Your instructions >>
Going from the top of the listing below to the line that holds "concepto económico tuvimos", reproduce each line exactly; no pictures.

Available data >>

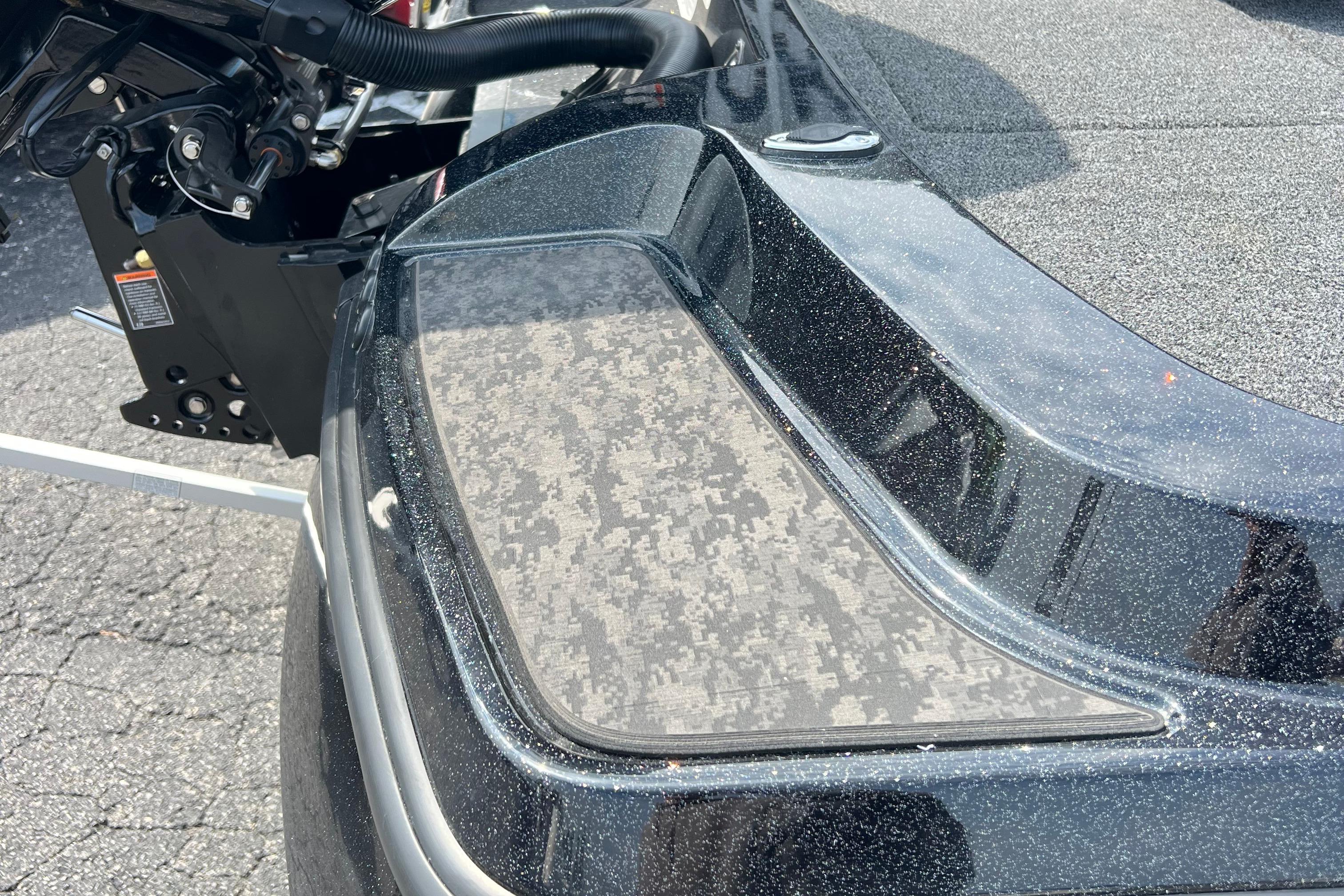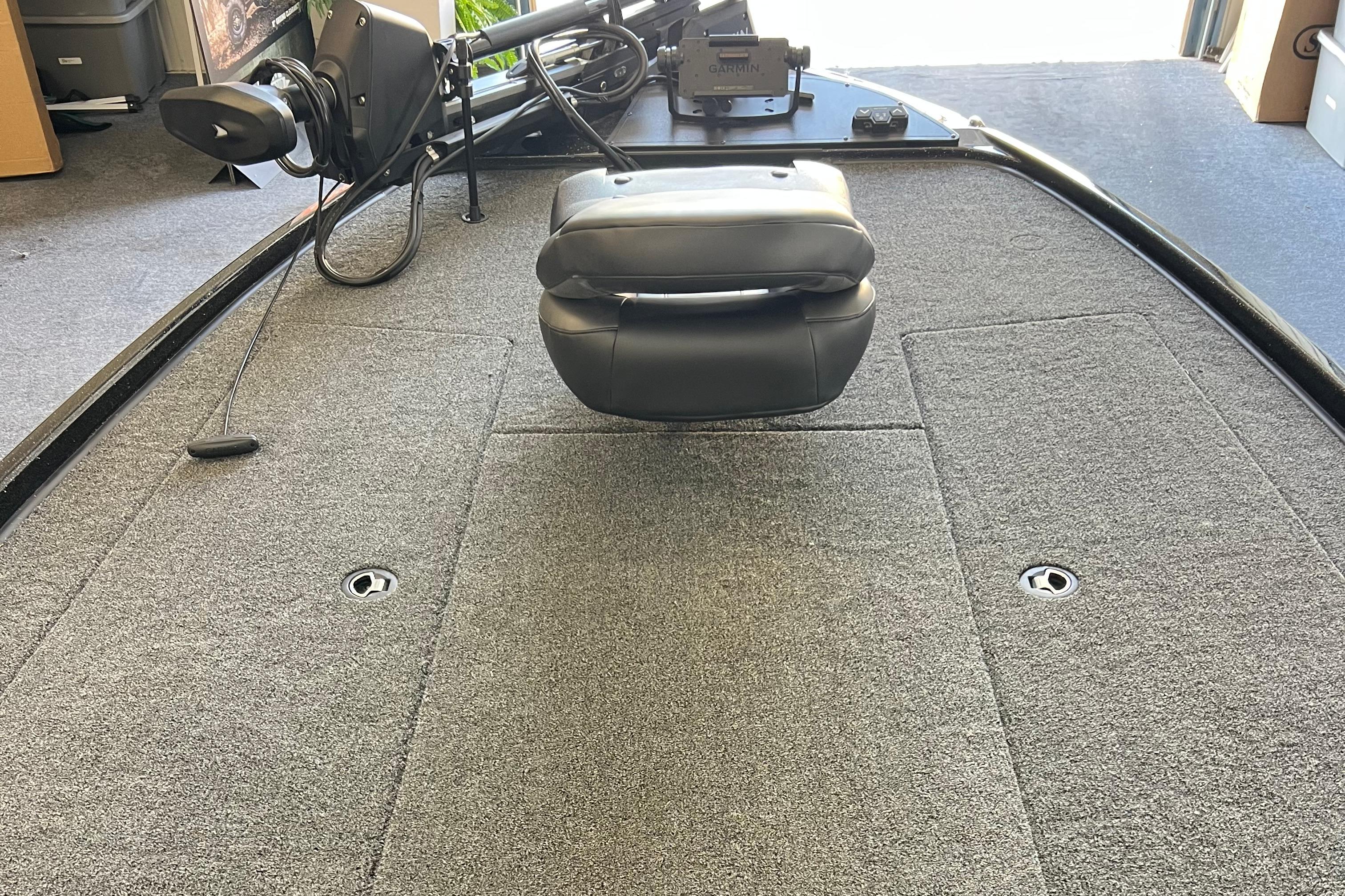 • Angled bow panel w/trolling motor receptacle, anchor/light switch, trim switch & capability to flush mount most 12" (30.5 cm) fishfinders
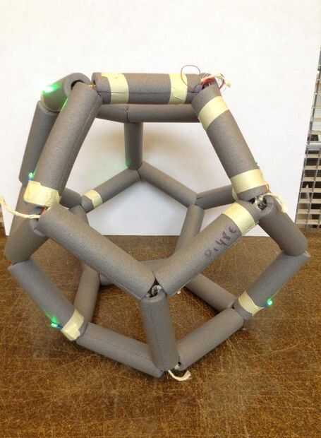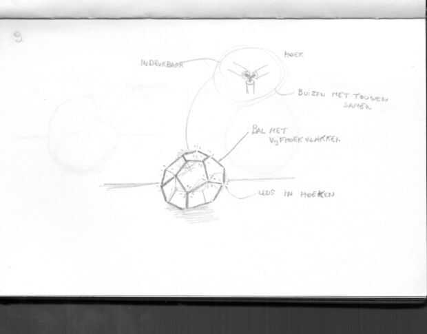 concepto económico tuvimos que improvisar. En vez de una bola nos fuimos para una forma de dodecaedro. Sería capaz de cambiar de color gracias a RGBleds en el marco vinculado a un arduino, cambian de forma al ser compresible y tamaño mediante el uso de modelos más grandes o más pequeño.
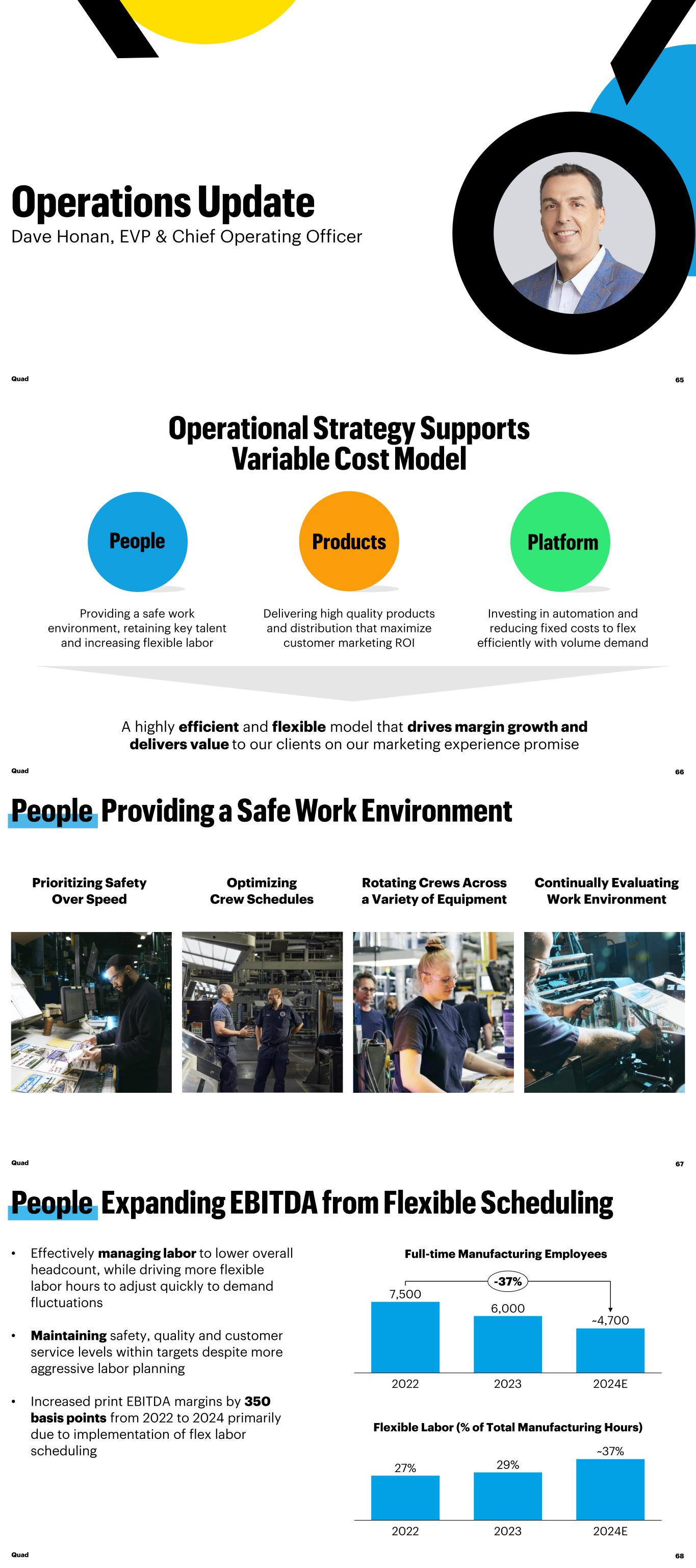 Dave Honan, EVP & Chief Operating Officer Quad 65 A highly efficient and flexible model that drives margin growth and delivers value to our clients on our marketing experience promise Quad 66 Investing in automation and reducing fixed costs to flex efficiently with volume demand Providing a safe work environment, retaining key talent and increasing flexible labor Delivering high quality products and distribution that maximize customer marketing ROI Quad 67 Prioritizing Safety Over Speed Optimizing Crew Schedules Rotating Crews Across a Variety of Equipment Continually Evaluating Work Environment 7,500 6,000 2022 2023 2024E ~4,700 -37% Full-time Manufacturing Employees Flexible Labor (% of Total Manufacturing Hours) 27% 29% 2022 2023 2024E ~37% • Effectively managing labor to lower overall headcount, while driving more flexible labor hours to adjust quickly to demand fluctuations • Maintaining safety, quality and customer service levels within targets despite more aggressive labor planning • Increased print EBITDA margins by 350 basis points from 2022 to 2024 primarily due to implementation of flex labor scheduling Quad 68

Reply to the task >>
 • Angled bow panel w/trolling motor receptacle, anchor/light switch, trim switch & capability to flush mount most 12" (30.5 cm) fishfinders
 concepto económico tuvimos que improvisar. En vez de una bola nos fuimos para una forma de dodecaedro. Sería capaz de cambiar de color gracias a RGBleds en el marco vinculado a un arduino, cambian de forma al ser compresible y tamaño mediante el uso de modelos más grandes o más pequeño.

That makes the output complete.